Daniel vel Treetop liil (EM) / 2009-04-12 19:47:58 /
starosta ma takie uprawnienia by nadac numery.
trza pisac,chodzic,najlepiej byc czlonkiem klubu o danym profilu.
mozna rejestrowac wszystko w granicach rozsadku.
bylo na forum.
pozdrowienia.
3ndriu - zamiast używania możliwości złomowiskowej istnieje inny sposób przejęcia własności.
Zgłasza się po prostu w sądzie wniosek o tym, że jest się właścicielem rzeczy w dobrej wierze.
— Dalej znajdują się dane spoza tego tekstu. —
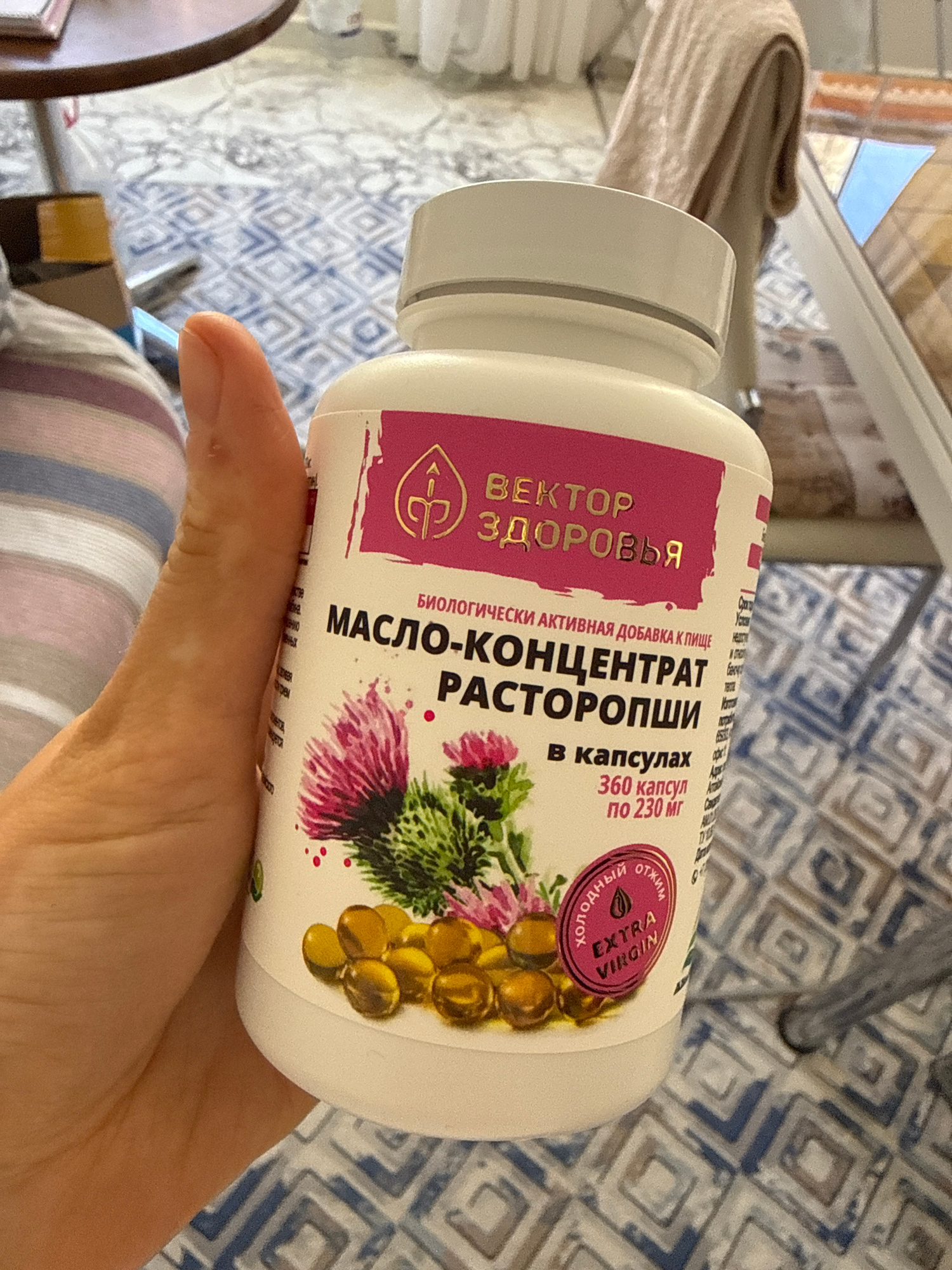 A hand is holding a white plastic bottle with a label written in Russian. The label features the text "ВЕКТОР ЗДОРОВЬЯ МАСЛО-КОНЦЕНТРАТ РАСТОРОПШИ" along with an image of a milk thistle plant and oil…read more

Po 3 latach jeśli nikt nie zgłosi roszczeń auto staje się Twoją własnością.
http://www.capri.pl/car/377
Tutaj był podobny przypadek - tj. niemożność ustalenia czy udokumentowania poprzedniego właściciela - ale droga przez mękę ogólnie :-/
MikeB4 / 2009-04-13 01:24:36 /
no tak niedoczytałem, że "znaleziony" :)
Daniel vel Treetop liil (EM) / 2009-04-13 10:13:09 /
To że można odzyskać takie auto przez składanie wniosku do sądu to wiem. Tyle że trwa to 3 lata. Masa czasu. A ja szukam szybszego sposobu. Posiadam numery rejestracyjne - i to na tyle. Jestem z Łodzi gdzie niestety są panie z okienka.
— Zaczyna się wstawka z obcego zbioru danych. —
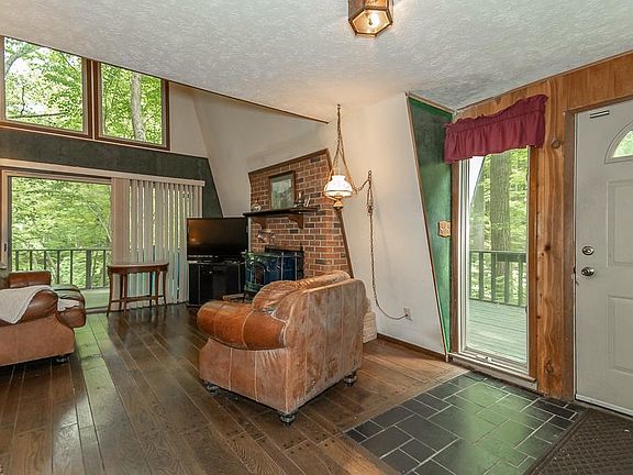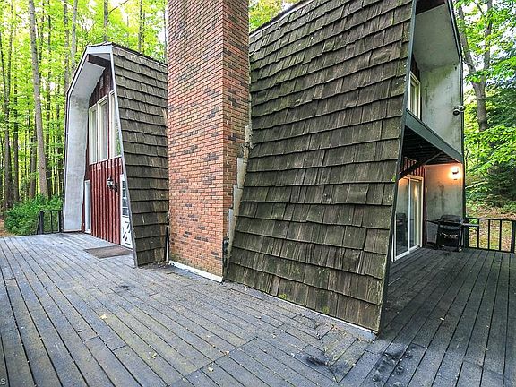 Quietly set back on a wooded lot, this very special property will make you feel one with Mother Nature. Spectacular views of Moccasin Falls and river from the wrap around deck and balconies enable you to enjoy the views and natural beauty. Open floor plan with vaulted ceilings, 2 fireplaces, hardwood floors and finished office/den with cedar closet in lower level could double as guest room or 4th bedroom. Master has full wall of closets and private bath. Loft area overlooks the Great Room. Lots of Light from the wall of windows in Great Room. First Floor Laundry with appliances is conveniently located off the kitchen. Natural gas has been installed for super efficiency. The possibilities are endless, just bring your imagination and elbow grease! Over sized 24x35 garage has a workshop at the back for the mechanically inclined. Generator Hookup for the home and generator also stay. Outside the garage there is a 400 gallon gasoline storage tank for fueling your vehicles. 14x10 shed for the extras. Paradise awaits! House cannot be seen from the street, please don't pull down the driveway unless you have a confirmed appointment.

3ndriu / 2009-04-13 19:19:03 /
Pilne.....Proszę o pomoc.
Problem wygląda tak...właśnie kupuje Capri od pewnego gościa XX...i zauważyłem że ma w dowodzie zapisaną pojemność 1699....i do takiej pojemności wyliczone OC w samopomocy-zaznaczam,rok ostatniego ubezpieczenia 2003.Ale koleś pokazał mi też blankiecik poprzedniego właściciela tegoż Capri,który ten sam samochód ubezpieczał na pojemność 1600(to był rok 2003 nie wiem jak wtedy było z rejestrowaniem samochodów z inną pojemnością....to Capri fabrycznie wyszło z silnikiem 1600 ...a w momencie rejestracji miało silnik 2.0).
Czy jest jakaś możliwość by powrócić do pojemności fabrycznej??
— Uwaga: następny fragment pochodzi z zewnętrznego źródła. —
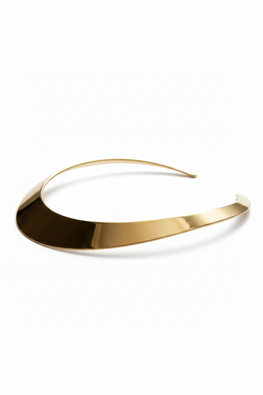 Twenty-one millimeters of curved gold claiming throat territory through rigid geometry. Open collar wraps 14cm refusing chain logic—this sits, doesn't drape. Mirror-polished smooth surface proves minimalist doesn't mean quiet. 26 grams of architectural presence worn as permanent throat fixture. No clasp because geometry this bold doesn't need mechanical closure.

Czy ja kupując będę musiał ubezpieczyć na taką pojemność jaka była w dowodzie??
Przepraszam za motłoch....dzięki za rady.
bon / 2009-05-31 01:55:05 /
Tak ubezpiecza się na to co jest wpisane w dowodzie.
Popcio / 2009-05-31 07:12:01 /
"Czy jest jakaś możliwość by powrócić do pojemności fabrycznej??"
Tak
Jedziesz na stacje kontroli pojazdów (najlepiej jakąś zaprzyjaźnioną) i mówisz, że masz inny silnik niż w dowodzie (zmieniałeś etc). Sprawdzają dokładna pojemność (czasem wystarczy, że ją podasz dokładnie co do cm3), dostajesz świstek, płacisz jakieś ochłapy i przy przerejestrowaniu auta dajesz ten świstek i w nowym dowodzie masz już właściwą pojemność.
Dredzioch ..mam taka zaprzyjaźnioną stacje kontroli pojazdów,uważasz że nie było by z tym problemów?Samochód jest w częściach...i mam zamiar zrobić przegląd zaocznie.
bon / 2009-05-31 10:24:12 /
Można zmieniać przecież pojemności silników. Nie ma z tym większego problemu.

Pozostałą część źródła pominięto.